Huntingdon Campus of Cambridge Regional College, formerly Huntingdonshire Regional College is a further education college located in the Huntingdonshire district of Cambridgeshire and Cambridge, England. The college has campuses in the town of Huntingdon and Cambridge.

The Huntingdon Campus of Cambridge Regional College offers a range of qualifications including GCSEs, apprenticeships, BTECs, and access courses. Study subjects include art and design, business, computing, construction, photography, travel and tourism and hair and beauty.

The college also offers a range of professional career courses including Association of Accounting Technicians (AAT), Chartered Management Institute (CMI) and CISCO. Specialist courses are run for adults with learning difficulties or disabilities.

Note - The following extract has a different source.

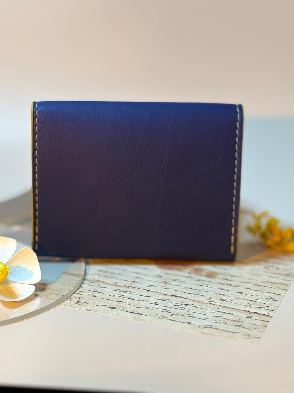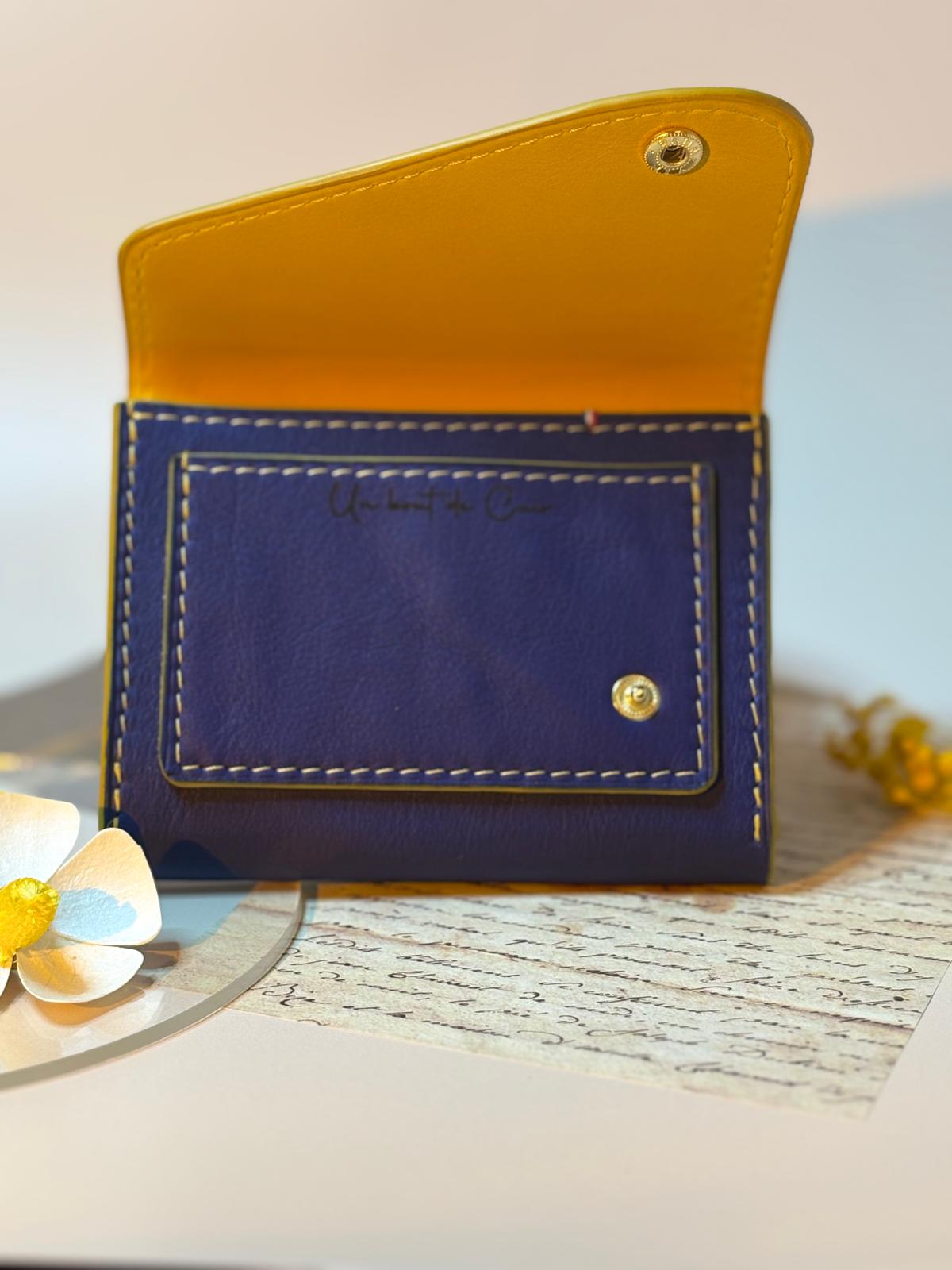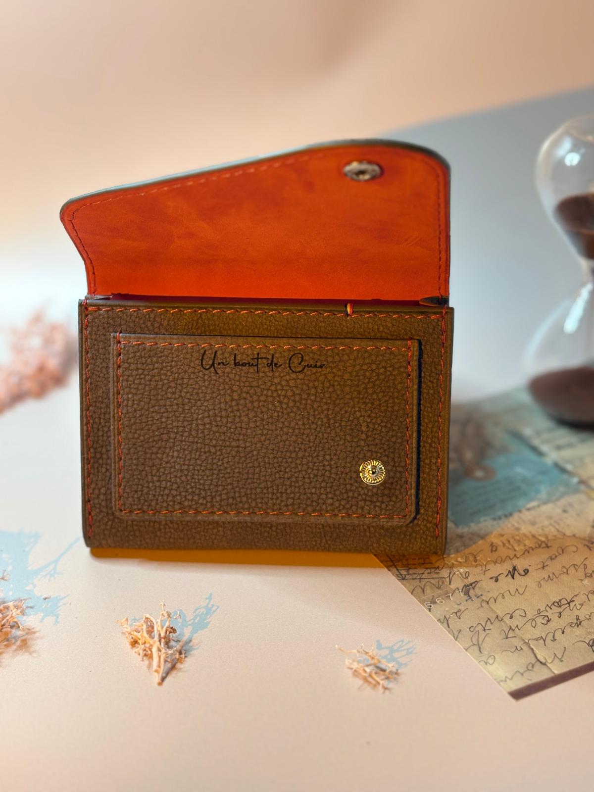 Le portemonnaie Déméter comporte un grand compartiment avec un petit soufflet de chaque côté pour y ranger billets et monnaies. Il se ferme grâce à un rabat maintenue par une pression, Une poche pour la carte bleue est prévu sur l’arrière pour qu’elle soit rapidement accessible.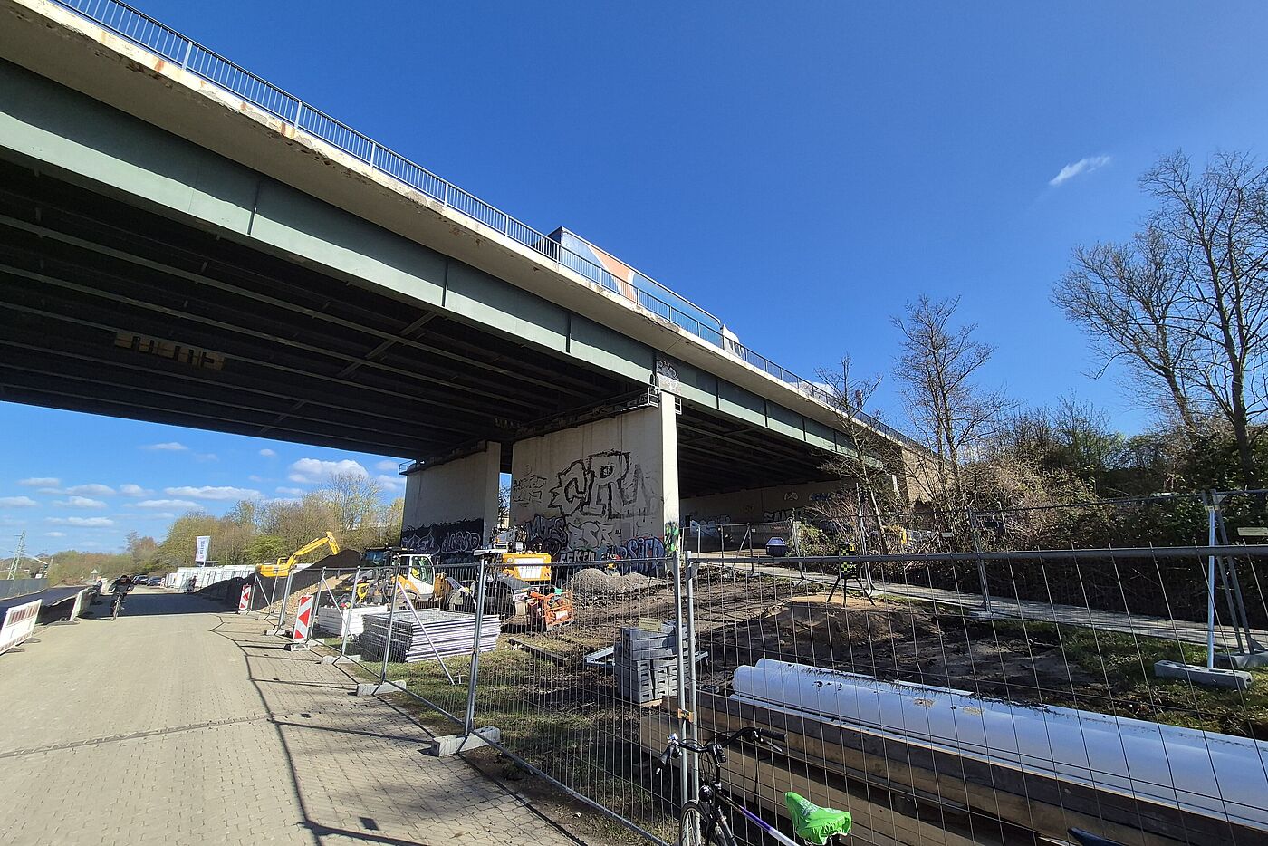 Auf der A40 zwischen Duisburg, Mülheim und Essen beginnt in Kürze der Neubau der Hardenbergbrücke über die Bahnlinie und den Radschnellweg Ruhr (RS1) sowie der angrenzenden Brücke über die Geitlingstraße. Bauvorbereitungsarbeiten haben bereits begonnen. Der Radschnellweg ist mitten drin und der Baustellenverkehr bringt viel Schmutz und Verkehr. Die Bauarbeiten sind notwendig, weil die bestehenden Bauwerke ihre Lebensdauer überschritten haben. Gleichzeitig sind sie Teil der Vorbereitungen für den geplanten sechsstreifigen Ausbau der Autobahn. Für den Radverkehr – insbesondere für den RS1 – bringt das Projekt wohl erhebliche Defizite mit sich.

The campus offers a range of services to the public, including a hair and beauty salon, a plant centre and a nursery.

Following an Ofsted grade of inadequate in October 2016, the governors decided to remove the college's senior management team. The governors decided that the college should merge with Cambridge Regional College and so the senior team from Cambridge Regional College took over the running of the college. The merger took place on 1 August 2017 and Huntingdonshire Regional College is now known as Cambridge Regional College Huntingdon Campus.